3. **Filter Models**:
   - Based on the command-line arguments, the script filters models to download:
     - If `--base_model_only` is set, only models with `base_model: true` are downloaded.
     - If `--full_ckpts` is not set, only models with `for_inference: true` are downloaded.
     - If `--include_base_model` is not set, models with `base_model: true` are skipped unless explicitly included via `--base_model_only`.

4. **Download Models**:
   - For each model in the configuration that passes the filters, the `download_model` function is called.
   - **HuggingFace**:
     - If `--full_ckpts` is set, uses `snapshot_download` to download the entire model repository (files with `.pth`, `.bin`, or `.json` extensions).
     - Otherwise, uses `hf_hub_download` to download a specific file specified by `filename`.
   - **GitHub**:
     - Downloads the file from the provided `url` using `requests` and saves it to `local_dir` with the specified `filename` (or derived from the URL if not provided).

5. **Error Handling**:
   - Ensures the local directory exists before downloading.
   - Validates required fields (`url` for GitHub, `filename` for non-full HuggingFace downloads).
   - Raises errors for unsupported platforms or failed downloads (e.g., HTTP errors).

## Example Commands

1. **Download specific inference files** (default behavior):
   ```bash
   python script_name.py --config configs/model_ckpts.yaml
   ```
   Downloads only models with `for_inference: true` and `base_model: false`.

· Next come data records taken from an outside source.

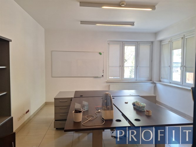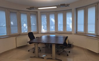 - przyziemie o powierzchni 160m2 z własnym wejściem od strony parkingu - 4 pomieszczenia (mogące służyć jako archiwa, serwerownie, magazynki , w tym kotłownia piecem olejowym), aneks kuchenny, wc
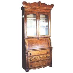 Secretary w/bookcase or china display top, center desk & 3 drawers on bottom, oak, fancy crown, tear
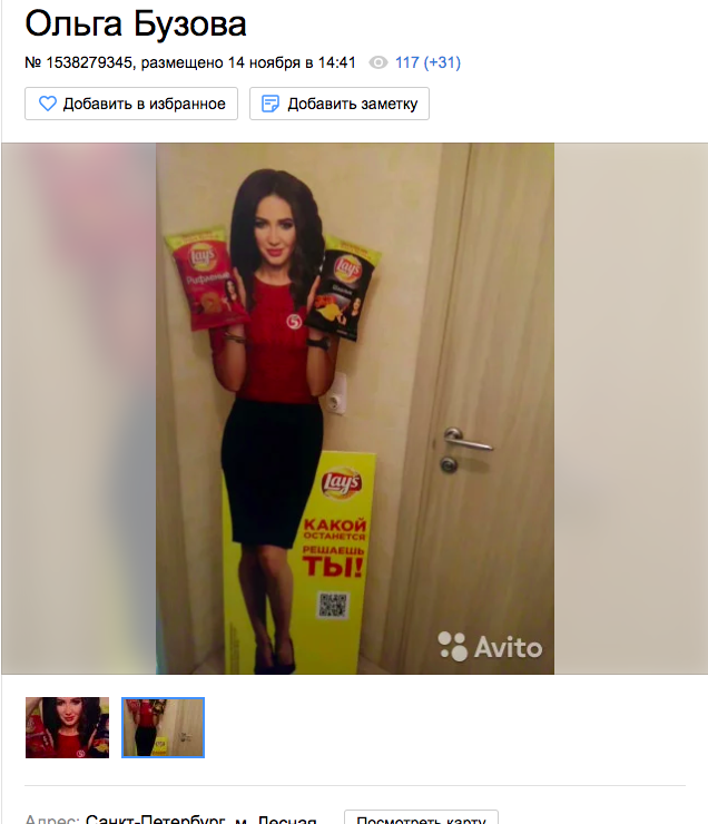 На «Авито» и «Юле» продают картонную Ольгу Бузову. Самую дорогую можно купить в Сестрорецке за 10 тысяч рублей
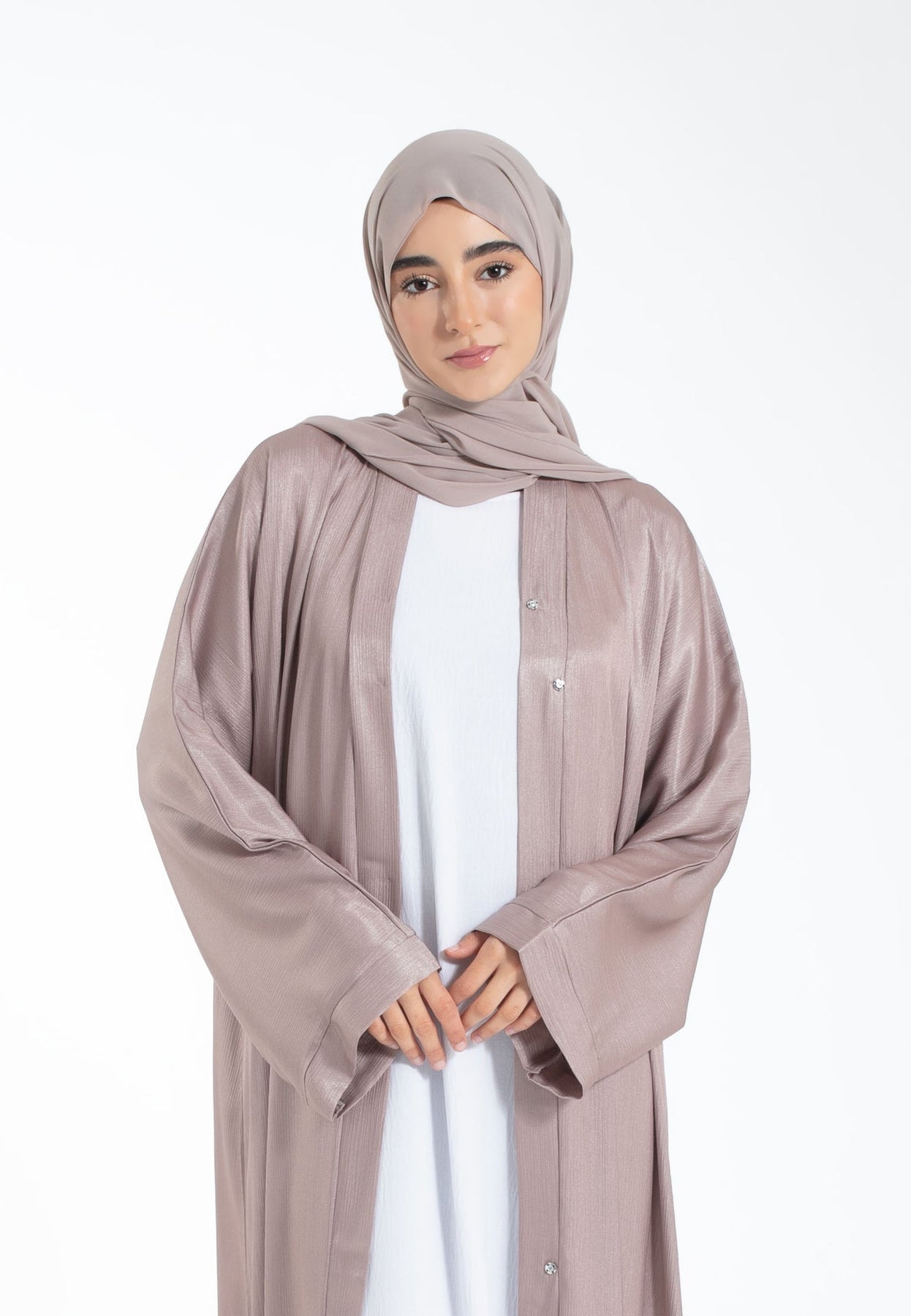 Elevate your wardrobe with the Shimmer Textured Open Abaya in stunning Mink. Crafted from lightweight, breathable polyester, this abaya is perfect for the summer months, Ramadan, Eid, or casual evenings out. Designed with convenient snap buttons on the front, it pairs effortlessly with any of our inner slip dresses. Complete your elegant look with the included matching hijab and belt. Experience timeless sophistication and comfort with this versatile addition to your collection.
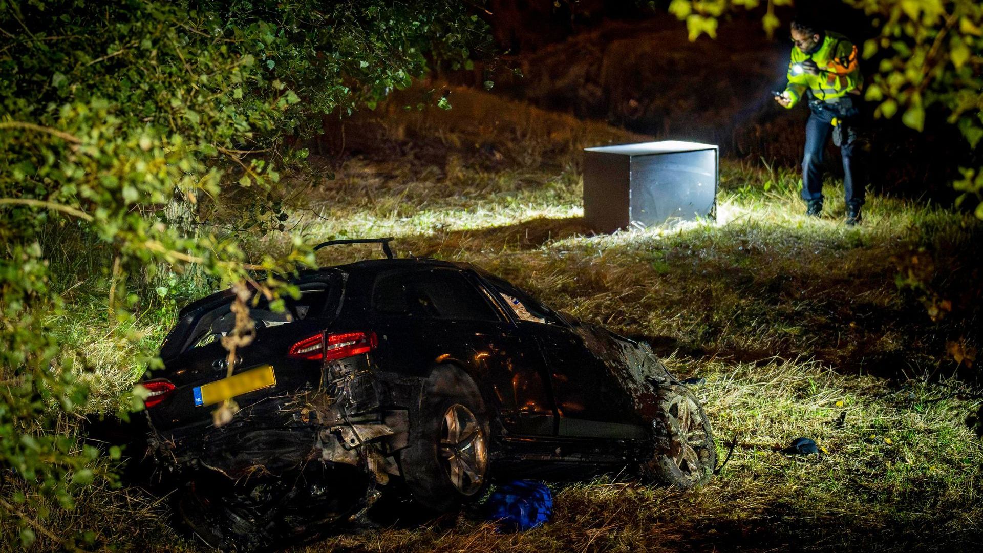 We doen onderzoek naar de toedracht van het ongeluk. Onderzoeken als deze nemen doorgaans veel tijd in beslag. Dat is omdat het zorgvuldig moet gebeuren en het maar één keer goed gedaan kan worden. Onze bevindingen dragen we daarna over aan het Openbaar Ministerie. Ook de betrokkenheid van de inzittenden bij een mogelijk misdrijf wordt nog onderzocht. Bij de auto is namelijk een kluis aangetroffen die vermoedelijk is weggenomen bij een inbraak in Vaassen. We kunnen op dit moment niet op de details van dat onderzoek ingaan. Burgernetmelding voor mogelijk vierde inzittende Donderdagochtend heeft de politie via Burgernet aan mensen gevraagd om uit te kijken naar een persoon. Mogelijk is het ook een slachtoffer van het ongeval. Hij is nog niet gevonden. 2024463745 ER
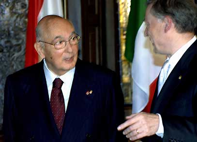 Il Presidente Giorgio Napolitano durante la breve passeggiata in città.
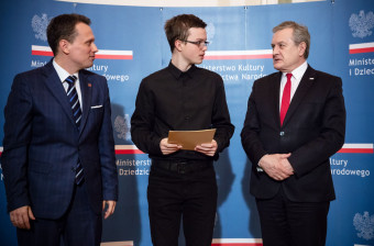 Wicepremier, Minister Kultury i Dziedzictwa Narodowego prof. Piotr Gliński wręczył dyplomy uczestnikom XVI edycji programu stypendialnego Młoda Polska. W tym roku stypendia otrzymało 88 twórców, spośród których 33 nie ukończyło jeszcze 18. roku życia. Uroczystość odbyła się 19 marca w Pałacu Rzeczypospolitej – siedzibie Biblioteki Narodowej w Warszawie.
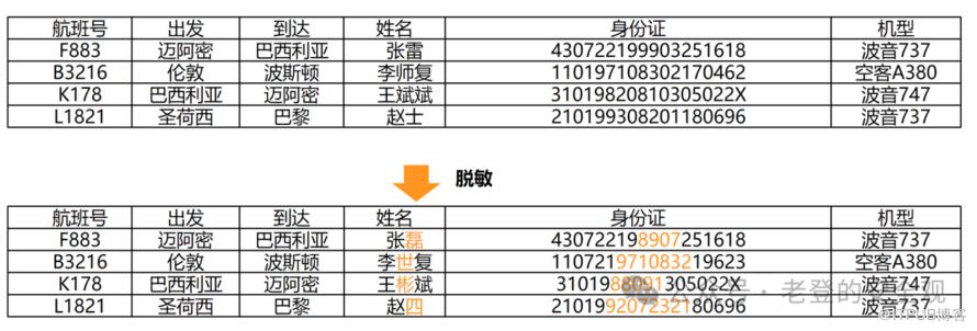 就是系统会自动识别数据源中有效列的数据类型、格式,随机抽取水印位置,对数据进行脱敏,更改后的数据与原数据类型、格式保持一致。
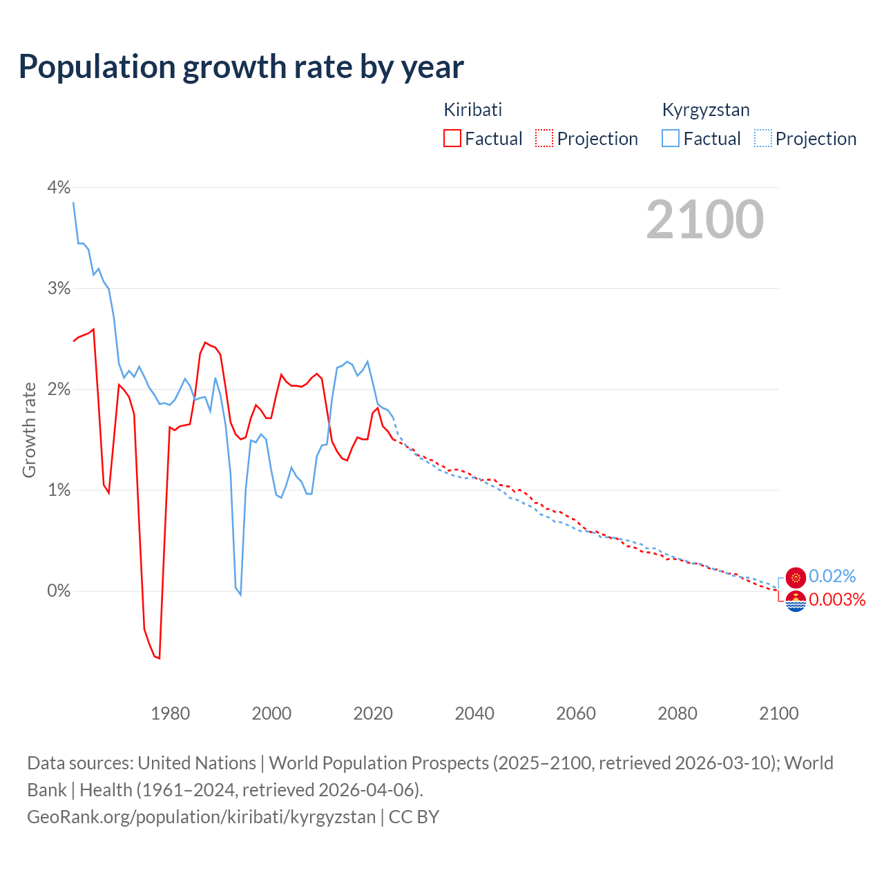 - For the last 10 years, Kiribati has had an average growth rate of +1.53% per year vs +2.05% in Kyrgyzstan.
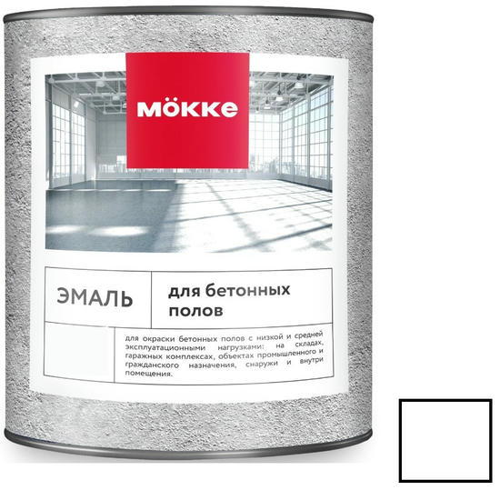 Эмаль акриловая для бетонных полов Mокке 10217 белая 2,7 кг предназначена для окраски бетонных полов с низкой и средней эксплуатационными нагрузками: на складах, гаражных комплексах, объектах промышленного и гражданского назначения, снаружи и внутри помещения.
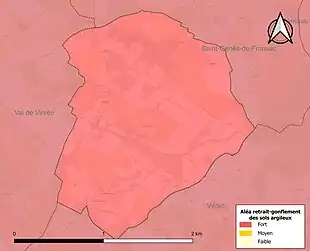Le retrait-gonflement des sols argileux est susceptible d'engendrer des dommages importants aux bâtiments en cas d’alternance de périodes de sécheresse et de pluie. La totalité de la commune est en aléa moyen ou fort (67,4 % au niveau départemental et 48,5 % au niveau national). Sur les 40 bâtiments dénombrés sur la commune en 2019, 40 sont en aléa moyen ou fort, soit 100 %, à comparer aux 84 % au niveau départemental et 54 % au niveau national. Une cartographie de l'exposition du territoire national au retrait gonflement des sols argileux est disponible sur le site du BRGM[18],[Carte 2].
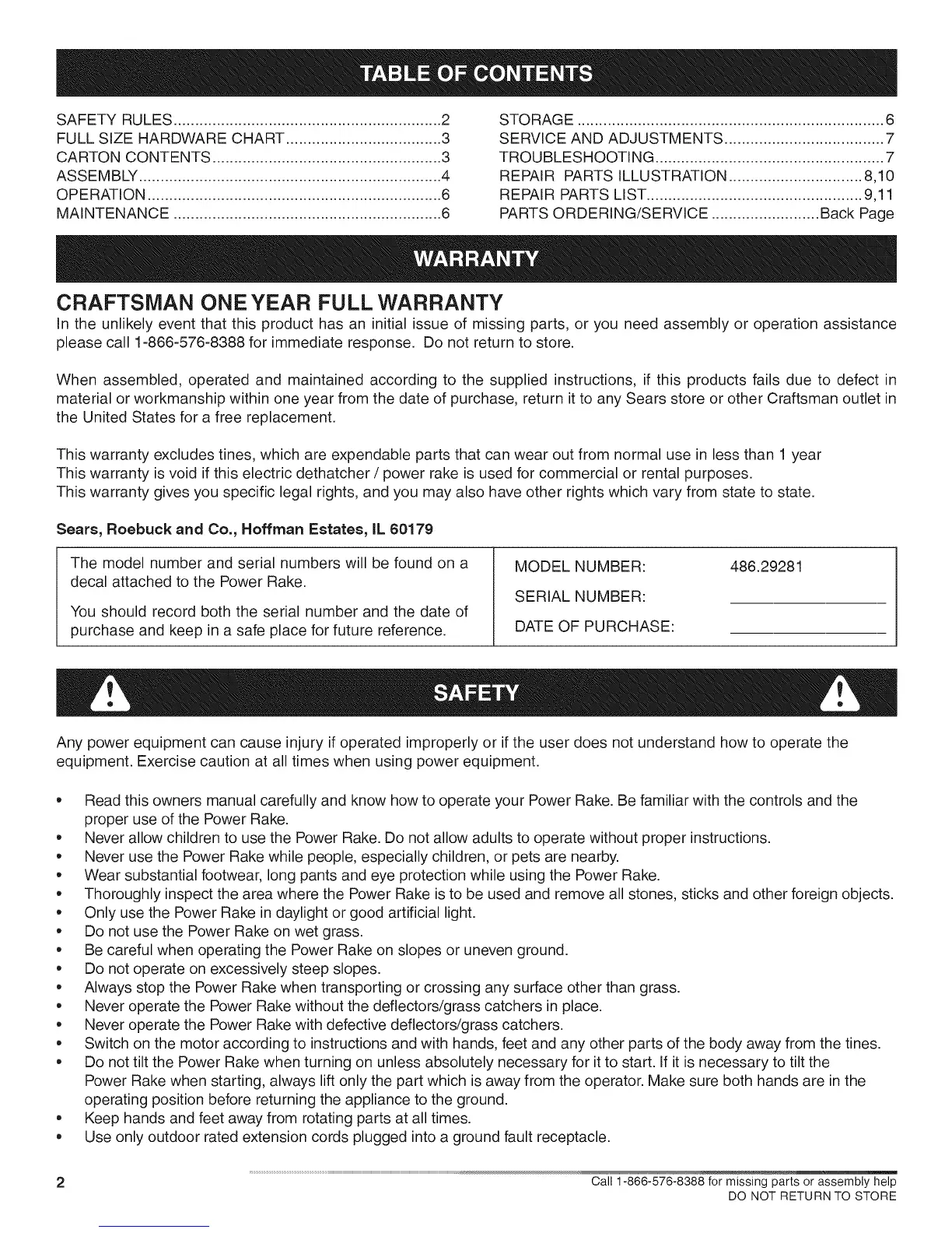 material or workmanship within one year from the date of purchase, return it to any Sears store or other Craftsman outlet in

2. **Download full model checkpoints**:
   ```bash
   python script_name.py --config configs/model_ckpts.yaml --full_ckpts
   ```
   Downloads full checkpoints for models with `for_inference: true` and `base_model: false`.

3. **Include base models**:
   ```bash
   python script_name.py --config configs/model_ckpts.yaml --include_base_model
   ```
   Downloads models regardless of `base_model` status, but still respects `for_inference` unless `--full_ckpts` is set.

4. **Download only base models**:
   ```bash
   python script_name.py --config configs/model_ckpts.yaml --base_model_only
   ```
   Downloads only models with `base_model: true`, ignoring `for_inference`.

## Notes

- Ensure the YAML configuration file is correctly formatted and accessible.
- For HuggingFace downloads, an internet connection and sufficient disk space are required.
- For GitHub downloads, the provided URL must be a direct link to a downloadable file.
- The script creates the `local_dir` if it does not exist.
- Downloaded files are saved to the specified `local_dir` with their original filenames (or as specified in the YAML).